Geoff Alan’s inventive script has the ensemble of six maintain a central role but also portray a number of other characters as we witness them before, after and during their dates. Support roles include numerous James Bonds, Gladiators, waiters, line dancers and poets to support their colleagues in various fantasies. Lack of props and costume changes work well in this piece and it is nice to see a company work with what they had – their talent. It would have been nice to see them given more characterisation within their main roles to play with.
Nicola Cliff as Margot displays a keen sense of underplaying and is maybe the most believable. Always just under the radar and never straying too far from realism, Cliff makes Margot the most intriguing and long before Nathaniel roots out that she’s rebelling against her parents money I think we’d singled her out as the most interesting.
Darren Ludlam leaps from one audience pleasing character to another whilst keeping his central pivot Bazz, as boringly amusing as possible. His brilliant opening line to yet another potential date, “So what do you know about ancient Roman waterways?” is a classic of the script.
Jonny Hair as Nathaniel does a good line in computer geek, complete with buttoned up cardigan and glasses, relying on predictable laughs but more than proving himself in the ensemble scenes. Joined by Grae Burton in a nice portrayal of Kasey, the token married guy trying to get a one night stand, this male trio works well together, providing many of the belly laughs of the evening; their best efforts being the dancing waiters and the poetry translation scene.
The girls though seem to come into their own in the one-on-ones with their opposite guys. Jo Clark gives a solid showing of a girl who wears her heart on her sleeve and her hobby in her clothes, a country girl and proud of it she is a nice foil to the other city slickers. Gina Timberlake as frigid Caroline proves that there’s always ‘one’ at every gathering: kind, gentle and ‘nice’.

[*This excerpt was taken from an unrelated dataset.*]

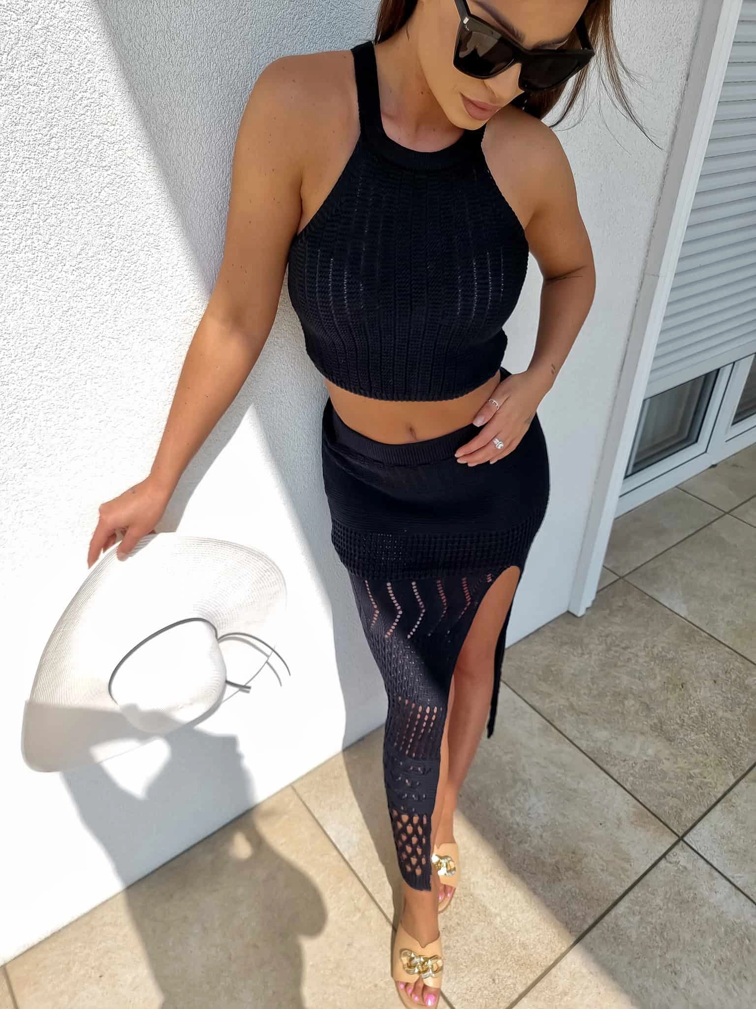 CYPRUS czarny letni komplet top i spódnica z rozcięciem

Every character is identifiable, even if straight out of stock, but there were pleasing moans and groans of recognition from the audience. All the general themes you’d expect to find are here, maybe one too many as the point of focus does sometimes get blurred. With no plot as such to follow, the play may benefit from some editing which would make the script as a whole run clear and clean, and then either leave it as a shorter festival piece or, as mentioned, flesh it out with some solid characterisation and back story to fill the two acts.
With some genuine clever one-liners, some hilarious scenes (the threesome debate for one) and one or two surprises, namely lap dancing and a brilliantly titled poem (I won’t spoil it), Speed Daters is a solid addition to the Fringe.